Bruce Hosler: It’s good to be with you, Jon. What a beautiful day we have before us.

Jon: And what a beautiful thing we’re talking about potentially here. That is the Inflation Reduction Act.

We’re recording this on September 14th. This was passed pretty recently to this recording. The Inflation Reduction Act. We’re talking today about what that means for our listeners. Let’s start off with something that’s probably near and dear to a lot of our listeners, and that’s the healthcare premium tax credit.

What has changed with the Obamacare tax credit in this new legislation?

Bruce: Yes. So, as everyone remembers Obamacare, they get a credit depending on their circumstances financially, on how much that credit is. Well, prior to the pandemic, the credit was available to people with income between 100% being equal with the poverty level, and 400%.

Now, the new American Rescue Plan has expanded these to allow people with 400% of the poverty line, to get some credit amounts and they were increased. And now this new inflation reduction act that we’re talking about today.

Jon: Mm-hmm.

Bruce: has extended these tax credits through 2025 in an expanded form. In fact, let me tell you, Jon, we ran the math for a couple that had income of 300,000.

They were 60 years old in Arizona. They could qualify for $7,000 worth of the credit under this new plan. It’s amazing.

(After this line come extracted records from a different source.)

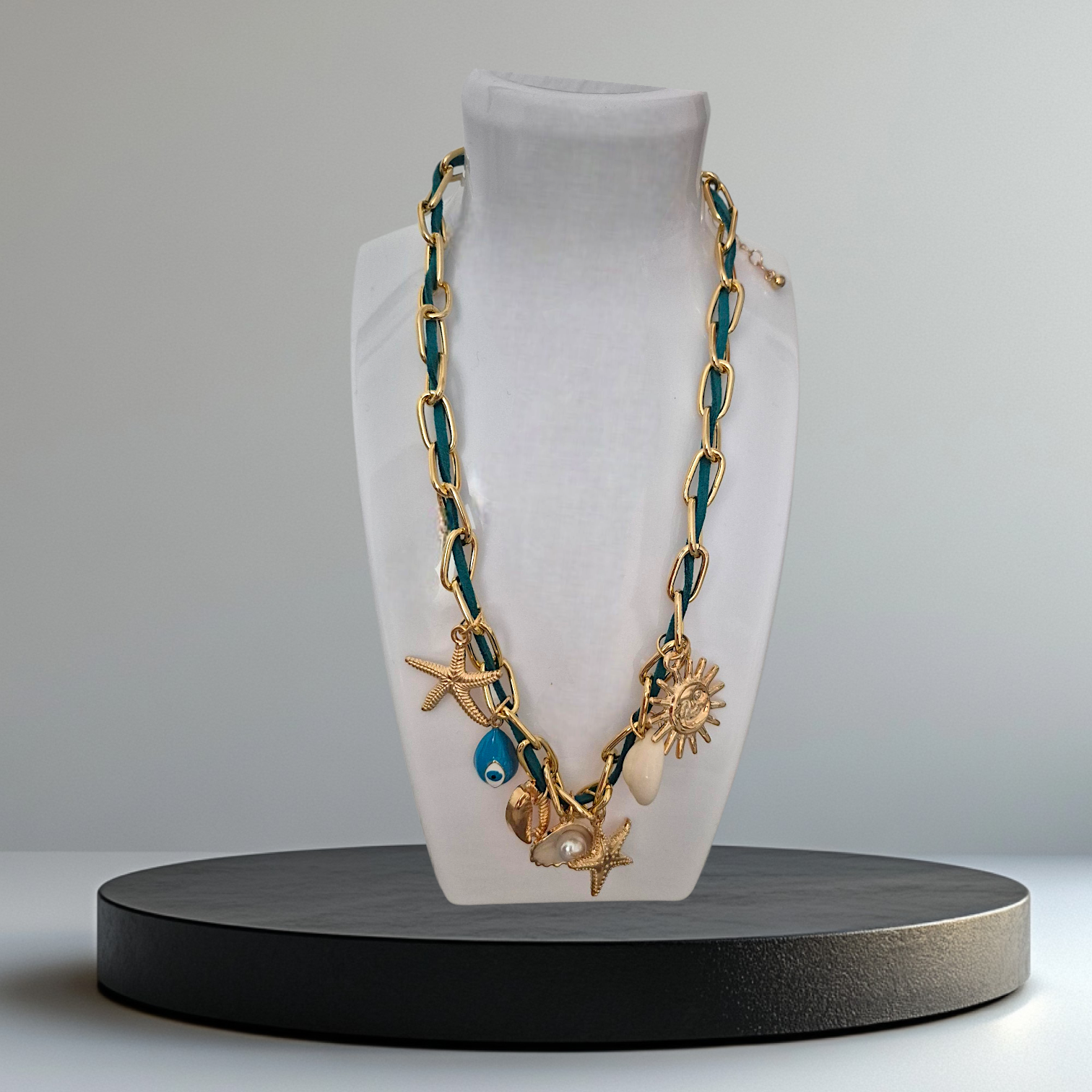Collier chaîne dorée, breloques étoile de mer, coquillage, soleil
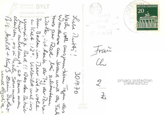 72843549 alte Postkarte Keitum Sylt Meerwasserschwimmbad postalisch gelaufen Erhaltung siehe scans [LiesaD40] KatCode: 11110001054133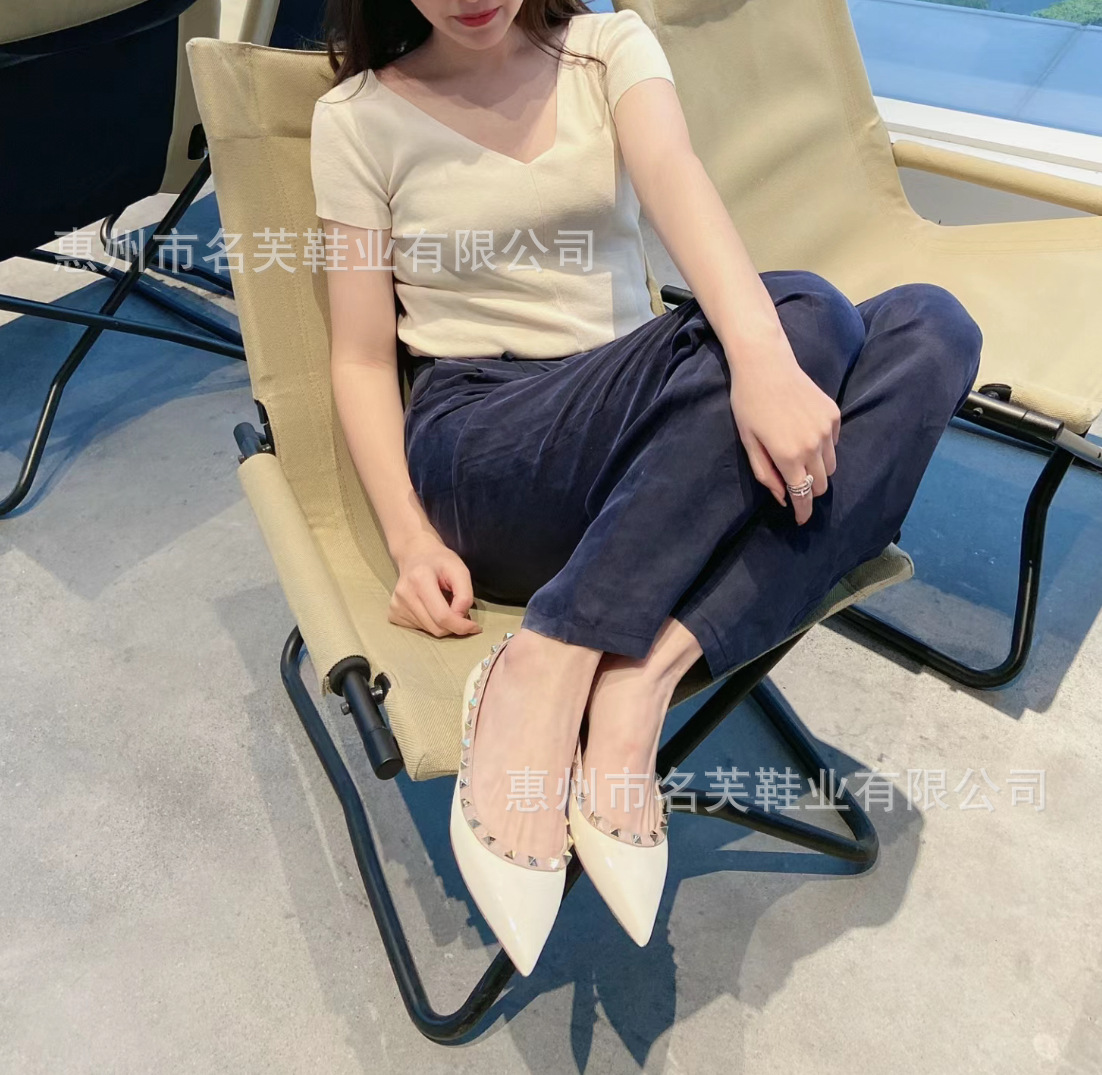 높은 버전의 엄격한 선택 ~ 워렌 리벳 뾰족한 평평한 신발 얕은 입 신발 여성의 2025 새로운 누드 네일 여성 신발

Jon: Yeah, that is amazing. And that’s great because I think there is probably a stereotype that, that it’s only available to those that are “low income,” but this might be available to folks that are a lot more, uh, income than we would’ve thought.

Bruce: Right, now, one of the requirements is you have to be getting your insurance off of the marketplace, so you have to be shopping for one of those government plans, but this is amazing what they’ve done, and so, basically we’re all being kind of herded to get this tax credit and take advantage of this new benefit, the premium tax credit for health insurance. So, that’s one of the first parts of the Inflation reduction Act.

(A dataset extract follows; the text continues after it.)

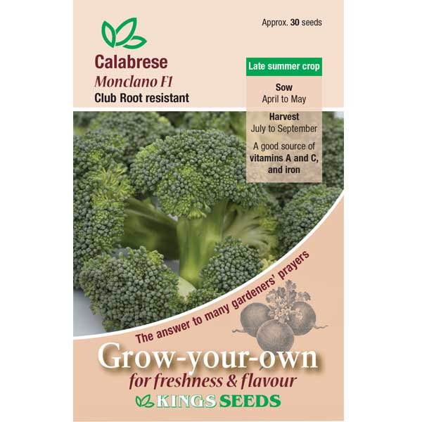 Calabrese seeds - Monclano is a club root resistant variety which produces a firm, domed head with a good standing ability. To be planted in June to July.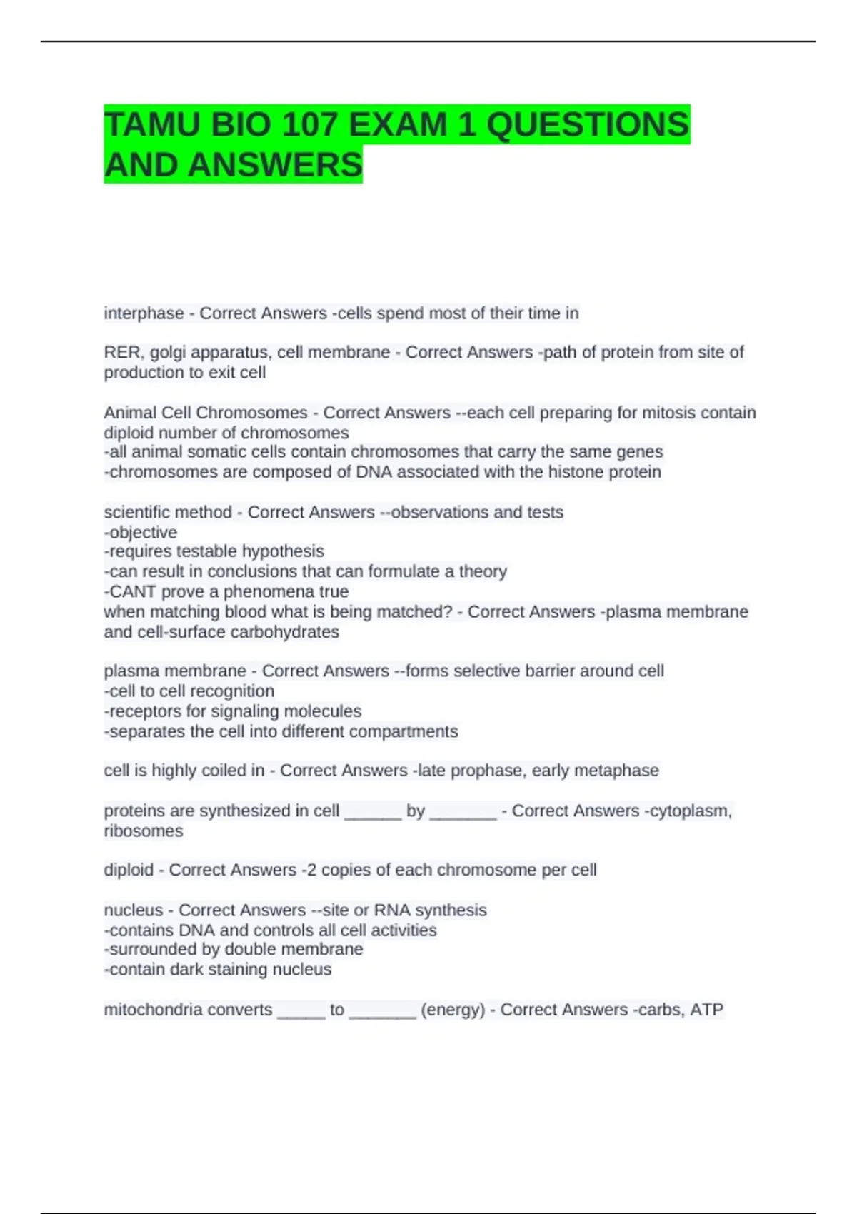 TAMU BIO 107 EXAM 1 QUESTIONS

Jon: You mentioned the marketplace. Does that include Medicare, Medicaid, or is that something we’ll get into later?

Bruce: No, it’s the health insurance marketplace. So Medicare recipients do not qualify for this, what we’re talking about.

Jon: Okay. We’ll get to more on that later. So, the home energy system tax credits are another piece of this. I know there was a big push to look at environmental stuff going forward, Green energy, things like that. Tell me about the home energy system tax credits.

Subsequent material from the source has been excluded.